START Data below
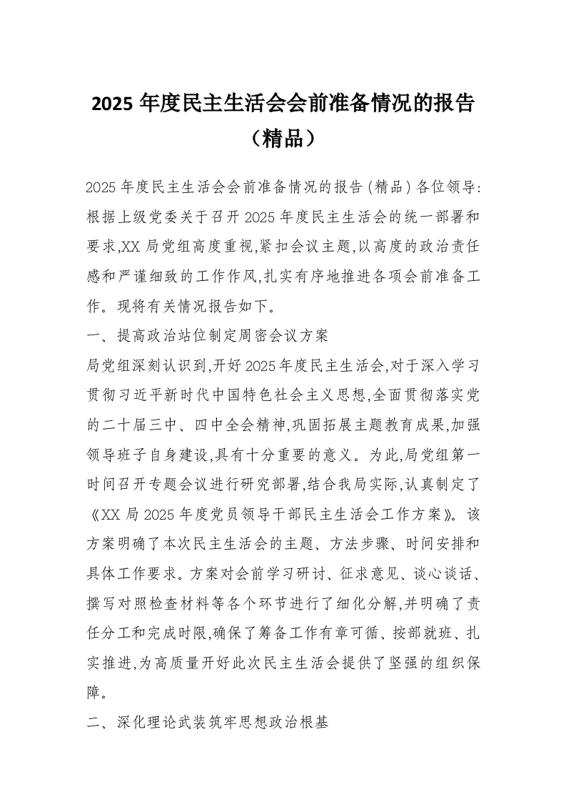 2025年度民主生活会会前准备情况的报告(精品)
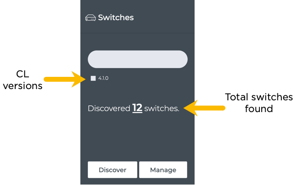 To view a list of all switches known to lifecycle management, click Manage on the Switches card.
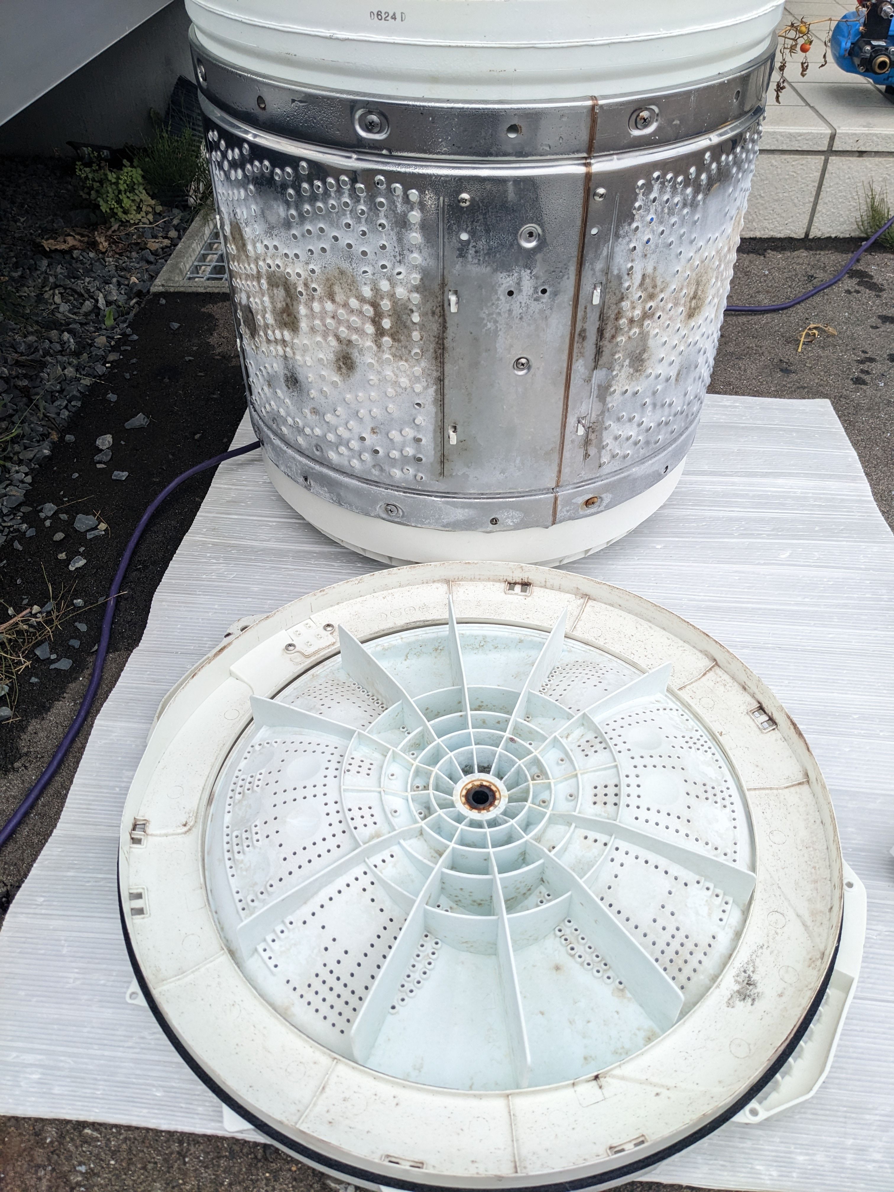 分解してみると、洗濯槽の外側には洗剤カスが付着しておりました。
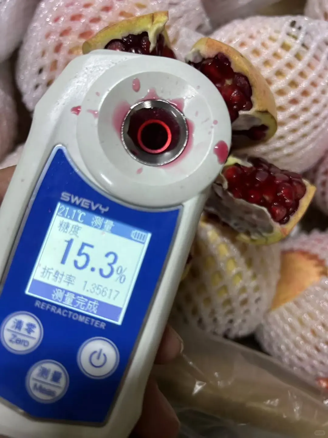 原本只是随意逛逛水果店,没抱什么期待,结果看到一箱包装精美的软籽石榴,3.5公斤/箱只要28迪拉姆。价格实在太低,贪便宜的心情全款拿下!心里还是有点怀疑:会不会不好吃?老板看出我的顾虑,于是给我看了他测糖仪的照片。立刻马上拎了一箱,果然每一颗都甜得发亮。
END Data below
— What you will do —
The whole listing must be restated word for word. Leave out any pictures.

— Your solution —
 2025年度民主生活会会前准备情况的报告(精品)
 To view a list of all switches known to lifecycle management, click Manage on the Switches card.
 分解してみると、洗濯槽の外側には洗剤カスが付着しておりました。
 原本只是随意逛逛水果店,没抱什么期待,结果看到一箱包装精美的软籽石榴,3.5公斤/箱只要28迪拉姆。价格实在太低,贪便宜的心情全款拿下!心里还是有点怀疑:会不会不好吃?老板看出我的顾虑,于是给我看了他测糖仪的照片。立刻马上拎了一箱,果然每一颗都甜得发亮。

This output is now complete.